Mackenzie Cooley

Mackenzie Cooley

Deborah Loeb Brice Fellow
Treasury of Knowledge: Medicine in Renaissance Empire
2021-2022
Cooley, MacKenzie

Biography

Mackenzie Cooley is an intellectual historian who studies the uses, abuses, and understandings of the natural world in early modern science and medicine. She received her doctorate from Stanford University where she completed the dissertation “Animal Empires: The Perfection of Nature Between Europe and the Americas, 1492-1630,” which was awarded the 2019 Cappadocia Prize. She returned to her alma mater Cornell University as a Presidential Postdoctoral Fellow in 2018. Her first book, with the University of Chicago Press, tells the history of Renaissance animal and human breeding projects that were imagined, articulated, and partially enacted. She is Assistant Professor at Hamilton College.

 

Project Summary

Treasury of Knowledge: Medicine in Renaissance Empire weaves together the histories of European physicians and local medical experts, the medical commodities they used, and ideas of health to reveal a polycentric Iberian empire that rested on the interconnected medical expertise of its subjects. This revisionist account argues that the Iberian empire was motivated not solely by conquistadors’ obsession with gold, glory, and God, but also by a desperate search for good health.
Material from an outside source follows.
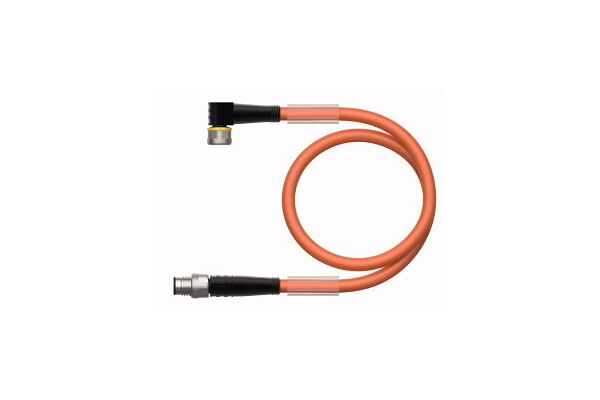 Actuator and Sensor Cable, PUR, Extension Cable, Rated voltage [Umax] 60 VDC / 50 VAC, Cable length 0.6 m, Female M8, angled, 3-pin, Male M8, straight, 3-pin, Jacket material: PUR, Jacket color: orange, Suitable for drag chain use, Resistant to chemicals, UV radiation and oils, Flame retardant (FT2 acc. to UL 1581, IEC 60332-2-2), Resistant to welding sparks, Free from halogen, silicone, PVC and LABS, Particularly resistant to abrasion, Protection class: IP67, IP69K, Cable length: 0.6 m

New territories brought new local expertise and medicines, which would in turn foster a healthy population who might acquire yet more lands in a cycle of conquest and cures. Given the high stakes, it was no wonder that imperial administrators, wealthy families, and local lords dispatched some of their best medical contacts onto vessels that set sail for the East and West Indies. Though marred by violence and unequal power relations, an informal network of medical practitioners – including Spanish, Portuguese, and Italians connected through a Medical Republic of Letters – worked in this new imperial framework to develop the first global pharmacopeia to confront the catastrophic health consequences of early globalization. In light of the symbiotic relationship between Italian intellectual culture and medical and nature studies in the Iberian World, this study depends on archival research in numerous Italian collections.